Hanson has rejected this. She believes he is motivated by a
vendetta because of her decision to leave him over what she says
was his drinking problem.
Early in their marriage, life was more joyous. The wedding was
followed by a honeymoon swing through South-East Asia. She
hated it. 'I have no intention of going there again,' she has said.
Mark Hanson can plead special insight into his former wife's views
on race. They were once partners in his plumbing business and
included among their clients an Aboriginal organisation. She
always referred to Aborigines as 'black bastards', he has said.

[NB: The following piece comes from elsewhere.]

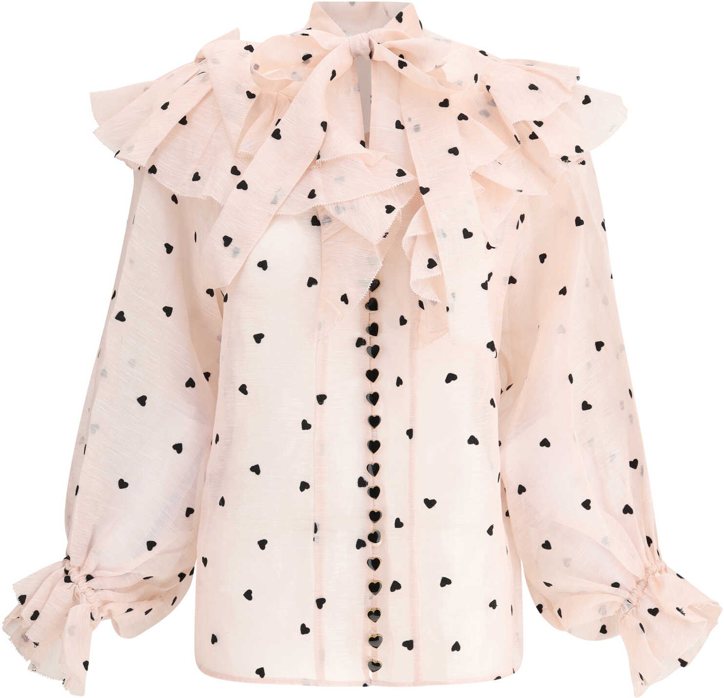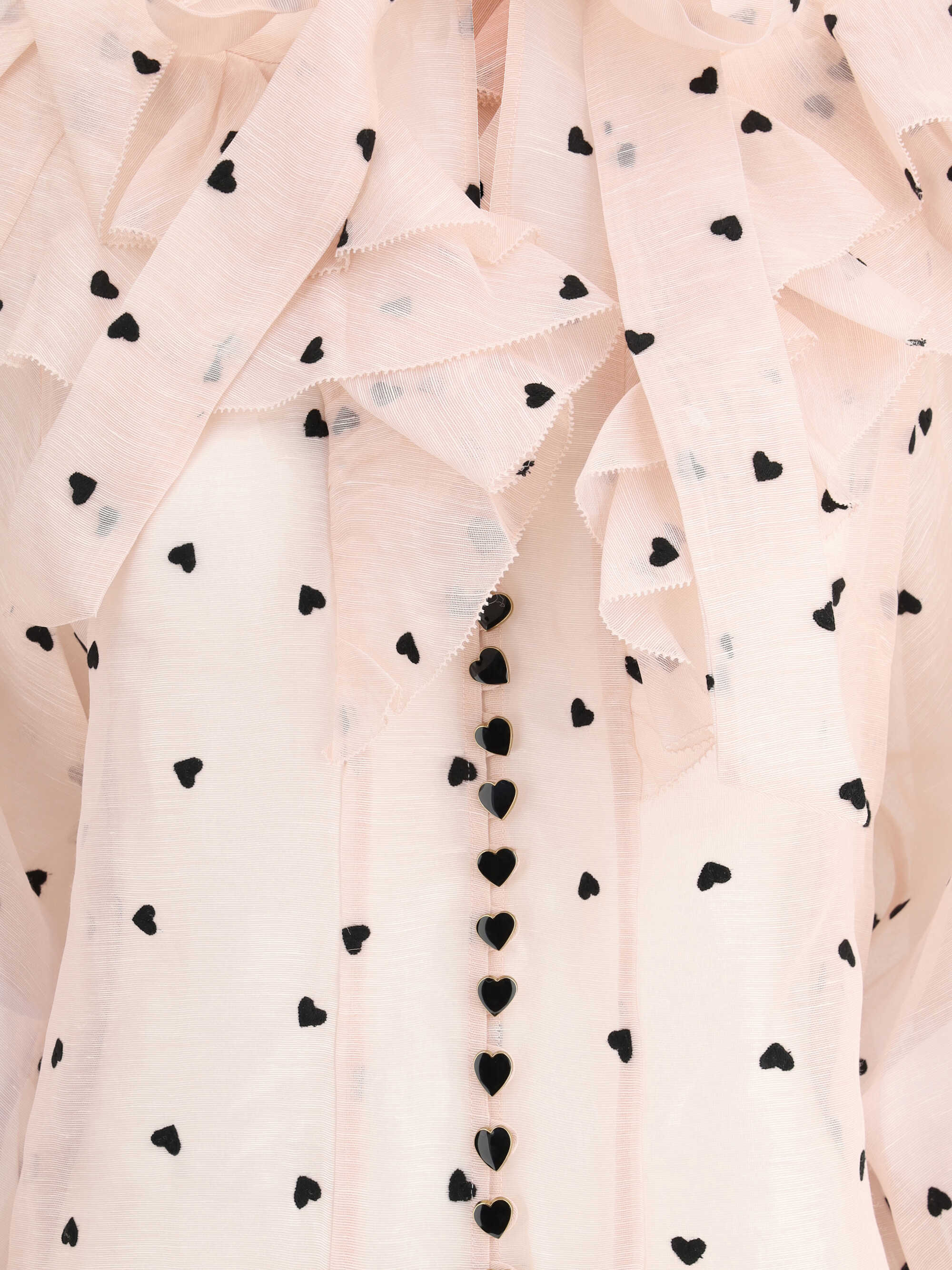 Linen and Silk Crush Blouse by Zimmerman featuring a V-neck, front closure using heart-shaped buttons, semi-sheer design, balloon sleeves with elasticated ruffled cuffs, shoulders featuring ruffles, matching fabric tie at neck, all-over heart pattern, regular fit.
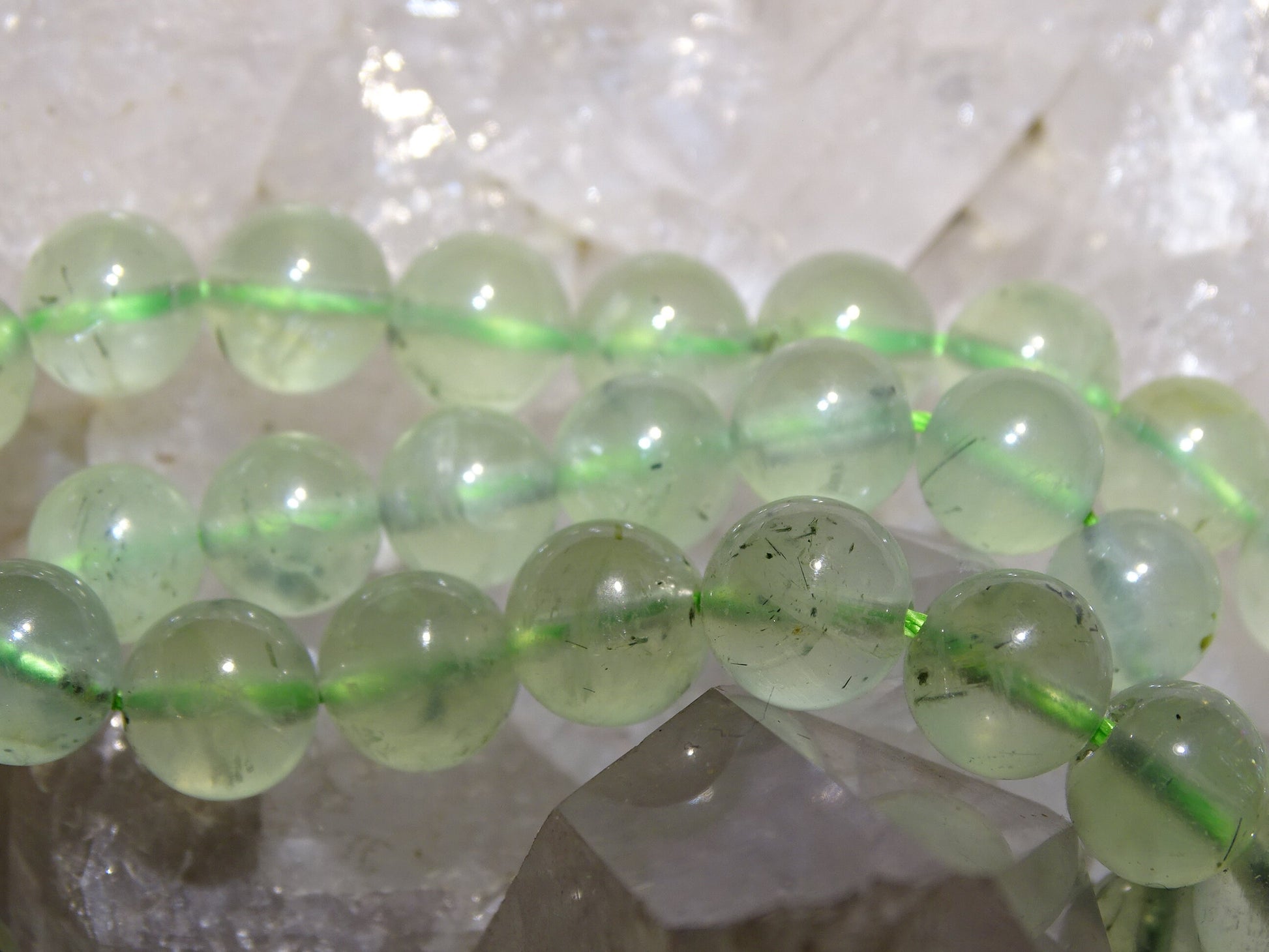 Préhnite verte avec Épidote du Mali, perles rondes de 4, 6 ou 8 mm. Vendu en fil de perle 38/39 cm, en bracelet de 17 à 21cm, en collier de 45 ou sautoir de 60cm. Qualité AA à AAA, merveilles de l'Afrique !

Hanson has denied this, saying: 'Surely the fact that we did
business with them demonstrates that I am not a racist.'
I flew to Brisbane in late October to try to meet Pauline Hanson on
a day of typical pandemonium. Her name was on every news
bulletin in the country and she could barely move without colliding
with the media. On one front, the major political parties had just
declared war (temporarily) against her and bipartisan resolution
condemning intolerance and racism was in the air. Indignation and
outrage had gathered at home and, within a week, was to spill out
of Asia.
On another front, Hanson was considering a move to the Senate or
forming a separate political party. The polls were buoying her.

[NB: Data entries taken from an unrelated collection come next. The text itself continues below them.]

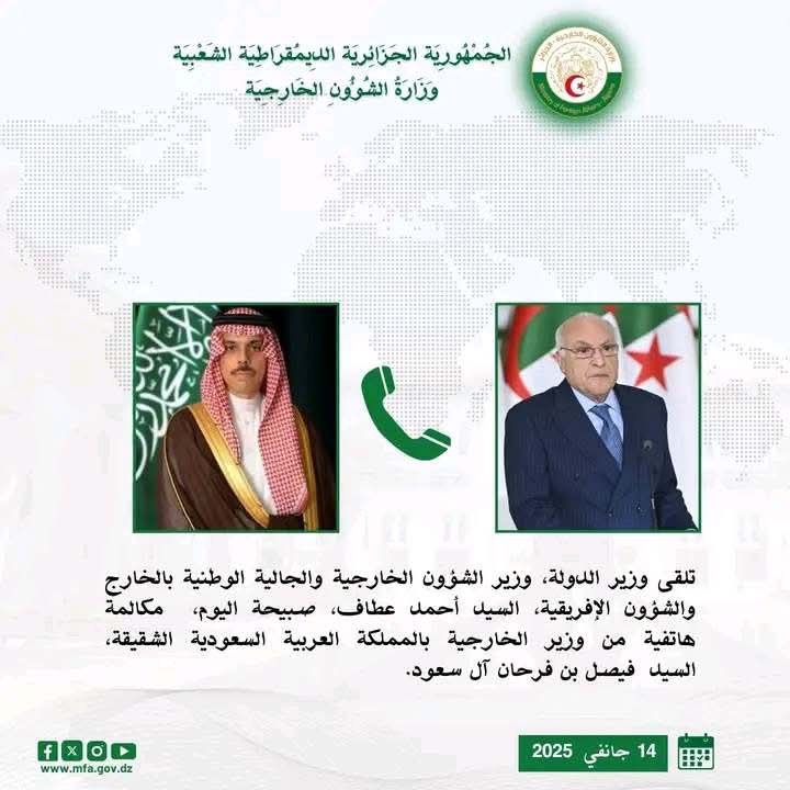 تلقى وزير الدولة، وزير الشؤون الخارجية والجالية الوطنية بالخارج والشؤون الإفريقية، السيد ” احمد عطاف ” ، صباح اليوم مكالمة هاتفية من وزير الخارجية بالمملكة العربية السعودية، السيد ” فيصل بن فرحان آل سعود”.
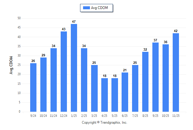 November 2025 Average Continuous Days on Market trend was Rising**
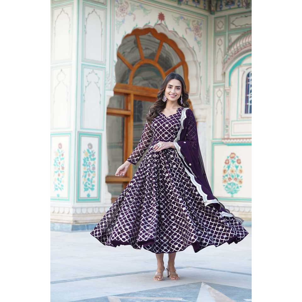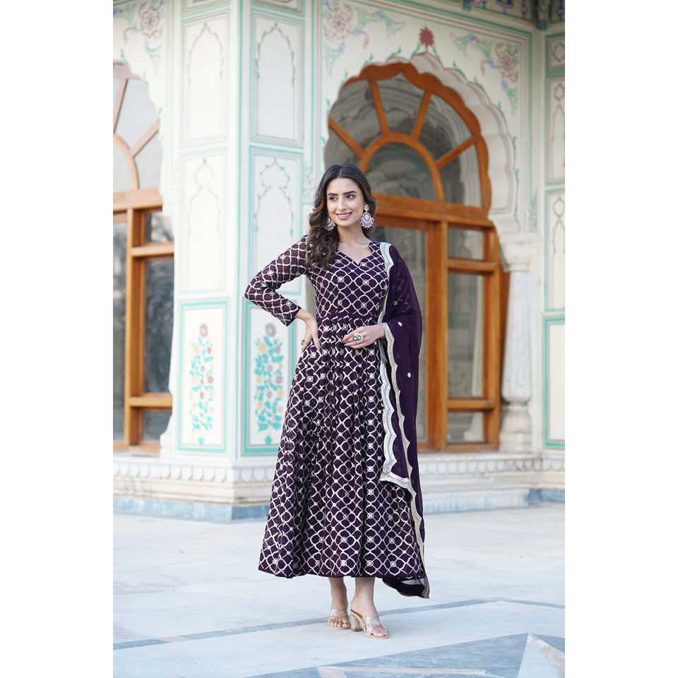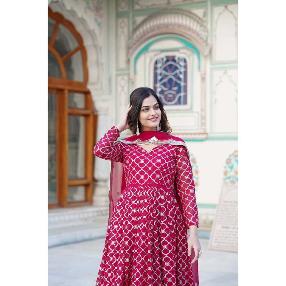 LIVEWEAR Faux Blooming Sequins Embroidered Pink Evening Gown with Dupatta Blooming Work Dress Size M
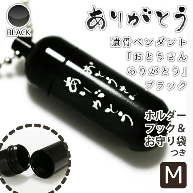 遺骨ペンダント メモリアルペンダント ブラック ( 中 ) 「 おとうさん ありがとう 」
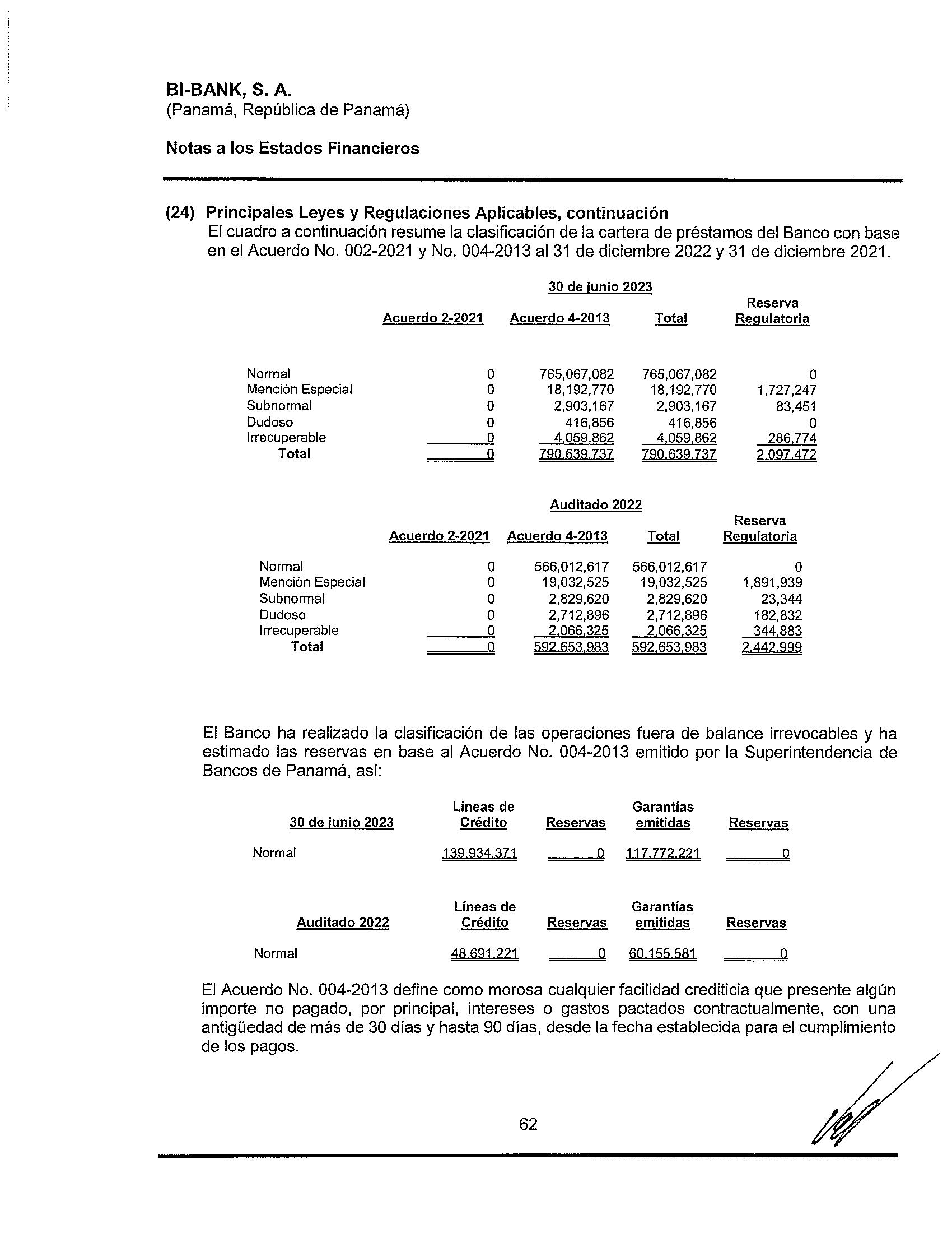 de iunio 2023 Reserva Acuerdo 2-2021 Acuerdo 4-2013 Total Regulatoria Normal 0 765067082 765,067,082 0 Mención Especial 0 18,192,770 18,192,770 1,727,247 Subnormal 0 2,903,167 2,903,167 83,451 Dudoso 0 416,856 416,856 0 Irrecuperable 0 4,059,862 4.059.862 286,774 Total 1911.fi39J3Z Z~f~2~ 2097472 Auditado 2022 Reserva Acuerdo 2-2021 Acuerdo 4-2013 Total Regulatoria Normal 0 566,012,617 566,012,617 0 Mención Especial 0 19,032,525 19,032,525 1,891,939 Subnormal 0 2,829,620 2,829,620 23,344 Dudoso 0 2,712,896 2,712,896 182,832 Irrecuperable 0 2,066,325 2,066,325 344,883 Total O 5~2.fi5j9B3 5a2J53.9B3 2.442 999
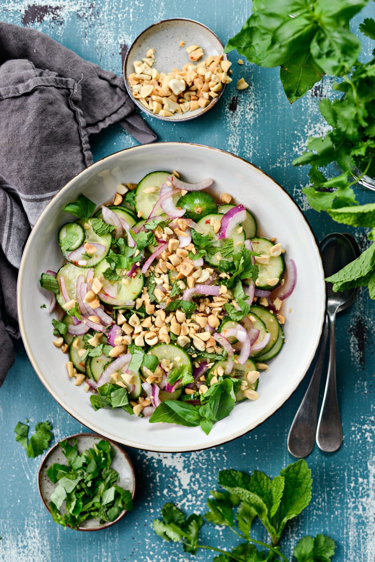 But let’s back up a bit so I can explain this recipe. What you have here is somewhat of a quick pickle situation. Sliced cucumbers and red onion are tossed in a sweet vinegar syrup, the sambal oelek and garnished with three kinds of fresh herbs and chopped roasted peanuts.
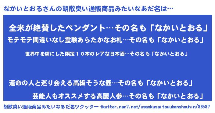 | 意味不明あだ名 | 『住所不定無職なかいとおる(47歳)』 |

Ultra-right-wing groups such as the League of Rights were singing
her praises and an avalanche of congratulatory faxes, letters and
phone calls were continuing to pour in. Four thousand copies of
her incendiary maiden speech were on order.
She was impossible to get. I'd left three messages seeking an
interview. No response. I'd tried her switchboard dozens of times.

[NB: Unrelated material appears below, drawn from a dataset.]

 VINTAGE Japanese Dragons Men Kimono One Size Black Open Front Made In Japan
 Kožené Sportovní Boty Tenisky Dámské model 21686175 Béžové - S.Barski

The three lines going in were jammed from morning till night. The
only option seemed to be to get to Ipswich.
When I finally arrived, it was to the sound of music. A song
written by a local crooner was blaring from a tape deck in
Hanson's office. It sounded like Slim Dusty gone up-tempo:
'Pauline, Pauline... Ipswich worker's hero; Pauline, Pauline,
Oxley's number one... She's got little Johnny Howard and Beazley
on the run, our fish and chip shop hero, to us she's number one...'
Hanson appeared cordial but wary. (She knows only too well now
how journalists can twist things.) We shook hands. She was
wearing a plum-coloured cotton suit and pink earrings. She looked
composed but the quaver in her voice was a give-away. We began
by talking about religion ('I'd call myself agnostic'); her parents
and six siblings ('We're a close family. Do anything for each other
but not in each other's pockets'); and her childhood. ('It's a part of
your life that's finished with, gone... but I sometimes feel I'd love
to step back in time and go back to those days again.')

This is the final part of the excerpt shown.